What is this flake of wax doing on the frame? It's dirt and it shouldn't be there, when the metal casting has started, this dirt will be removed and a hole will be remaining.


 These are the simple implements I'm using for these wax-repairs.


 Keep your large wax-file clean at all times. You can't file your waxes accurately if your file is full of any residue. USE THE WIRE BRUSH TO CLEAN AS OFTEN AS YOU CAN.

This "blue joining" wax is put there for one important reason. When the metal is being cast, metal has to flow from one side to the other, afterwards this can be removed with little effort. 

 I like to keep my soft wax on a steel block, why? If I'm holding the wax in my warm fingers, this wax may get be distorted. I like to have the delicate wax get cool again.

 Even if the wax-frame could be resting on the steel block, it's just to keep it cool.
 
  A great idea is the "burn" off the residue wax off of your hot 'wire-tipped' pen. This is the best way of cleaning your wax-tips.

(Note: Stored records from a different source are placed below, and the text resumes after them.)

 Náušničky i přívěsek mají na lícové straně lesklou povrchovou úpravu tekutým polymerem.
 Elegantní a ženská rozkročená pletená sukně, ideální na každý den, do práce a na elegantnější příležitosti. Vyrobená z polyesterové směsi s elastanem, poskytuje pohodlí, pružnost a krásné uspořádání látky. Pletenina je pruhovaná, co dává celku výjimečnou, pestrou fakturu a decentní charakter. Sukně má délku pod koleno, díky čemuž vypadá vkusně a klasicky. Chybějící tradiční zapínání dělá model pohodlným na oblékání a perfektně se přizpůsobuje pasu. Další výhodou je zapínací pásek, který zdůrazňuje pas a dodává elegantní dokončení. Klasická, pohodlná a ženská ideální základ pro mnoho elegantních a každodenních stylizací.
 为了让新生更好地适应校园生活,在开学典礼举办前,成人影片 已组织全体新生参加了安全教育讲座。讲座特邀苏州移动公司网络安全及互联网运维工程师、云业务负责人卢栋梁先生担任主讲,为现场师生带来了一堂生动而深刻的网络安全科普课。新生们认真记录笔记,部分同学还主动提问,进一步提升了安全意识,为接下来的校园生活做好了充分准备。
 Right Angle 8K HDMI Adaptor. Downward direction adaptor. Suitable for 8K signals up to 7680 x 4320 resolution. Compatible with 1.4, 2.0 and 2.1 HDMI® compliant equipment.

 If you 'feel' that the wax-form is too thin for casting, then fill in the 'hollow' areas with the wax-pen.


 Let the wax fill in to a level that you need. You need a good secure metal cast, not a poor looking thin pendant.

 This wax-form is needing a "fill-in" PLUS a repair on the inside edge. 

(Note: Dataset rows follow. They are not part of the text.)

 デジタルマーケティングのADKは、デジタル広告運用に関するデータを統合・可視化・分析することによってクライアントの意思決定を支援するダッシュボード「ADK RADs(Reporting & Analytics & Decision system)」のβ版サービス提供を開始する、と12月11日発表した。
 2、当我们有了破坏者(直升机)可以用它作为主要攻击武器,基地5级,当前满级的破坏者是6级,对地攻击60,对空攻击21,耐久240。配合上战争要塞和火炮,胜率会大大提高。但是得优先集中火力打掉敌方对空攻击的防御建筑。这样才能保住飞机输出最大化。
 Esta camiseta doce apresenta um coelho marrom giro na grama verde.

 This is my wax-pen, I wrote a "smiley-face" which meant that the desired temperature is good where it is.

 The word "wax" meant that I mustn't go any higher with this 'melting heat'. I experimented many times to find the correct melting temperature.



 There is dirt on the form and this has to be removed NOW and not after the casting.
 
  AVOID touching the soft wax-form, that's why I'm using plastic gloves.

 The top of the wax-bezel is not smooth, meaning that in the metal form, there will be defects for setting.

 Any adjustments MUST be corrected prior to metal casting.

 The sprue is not thick enough for transferring metal from one side to the other.
 
  With this particular design, this wax will be too thin for casting. It looks rather shallow, as you can see light shining through it. 


 Remember not to have your wax-pen touch the frame.

 If you do touch the pen to the frame, you could very easily melt this important area. "Repairing waxes" is not always an easy thing to do. 

 With the "3-blade" bur, remove any residual wax that is remaining.

 Core out that area on either side, YOU MUST GET RID OF ANY UNUSED WAX.
 
 If necessary, re-drill the hole and make it larger just to get it clean again.

   You can see how great this wax-form is now looking, free of any underneath defects.

 GENTLY FILE AWAY ANY "LITTLE BUBBLES". In the metal, it's so much more difficult, trust me!


Again, make the "connecting sprue" much thicker, prior to casting.

Get rid of the little specks of dirt...NOW! If not now, after the casting those little spots will be holes.


 Don't let the hot pen-tip get near the desired wax pattern. The heat that is flowing from the tip will be enough for you!

 Important words for you to remember "melt the wax & file clean again"
 
 If you have to re-drill any holes, don't have them too close together for Pave' setting.

 This has been a rather challenging exercise. The Difficulty Scale for this project is a definite "8.5 out of 10" with much practice ensuing.